Dancers on poles wore rainbow-colored skirts featuring his fantastical designs, in a scene that concluded with the pilots of the Patrouille de France tracing a red heart in the sky above the Pont des Arts.
Friot, whose designs have been worn by the likes of Madonna and Eurovision winners Måneskin, dressed a cowled rider on a gray horse, reminiscent of Joan of Arc, who brought the Olympic flag to its final destination opposite the Eiffel Tower.
Others were featured in a fashion show staged on the Passerelle Debilly, where Kenzo held a runway display last year.
Farida Khelfa, a muse to designers ranging from Azzedine Alaïa to Jean Paul Gaultier, walked in an outfit by Maitrepierre, while Germanier dressed Paralympic fencer Beatrice “Bebe” Vio Grandis. Weinsanto put his muse Ildjima Masrangar in a giant organza coif in a tribute to his native Alsace.
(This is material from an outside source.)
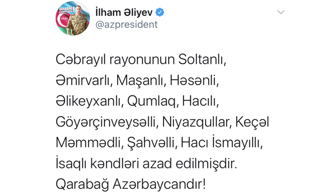 "Cəbrayıl rayonunun Soltanlı, Əmirvarlı, Maşanlı, Həsənli, Əlikeyxanlı, Qumlaq, Hacılı, Göyərçinveysəlli, Niyazqullar, Keçəl Məmmədli, Şahvəlli, Hacı İsmayıllı, İsaqlı kəndləri azad edilmişdir. Qarabağ Azərbaycandır!",- Azərbaycan Prezidenti İlham Əliyev Twiter səhifəsində bildirib.

Almost 100 boats carrying the majority of the 10,500 athletes competing in the Games traveled along the Seine from the Austerlitz bridge to the Trocadero — the esplanade across from the Eiffel Tower.
The French boat was the last in. The athletes were dressed in official uniforms by Berluti, though many had slipped on disposable plastic rain ponchos, somewhat diluting the impact of the design. Fortunately, they are due to don the outfits again for the opening ceremony of the Paralympic Games on Aug. 28.
Jolly said he wanted the ceremony to show that France is “very flamboyant, extremely diverse and extremely rich” — a strong political statement at a time when the country’s government is in limbo, following snap elections that resulted in a hung parliament.
“Paris and the Olympic Games in general are all about people coming together,” he said.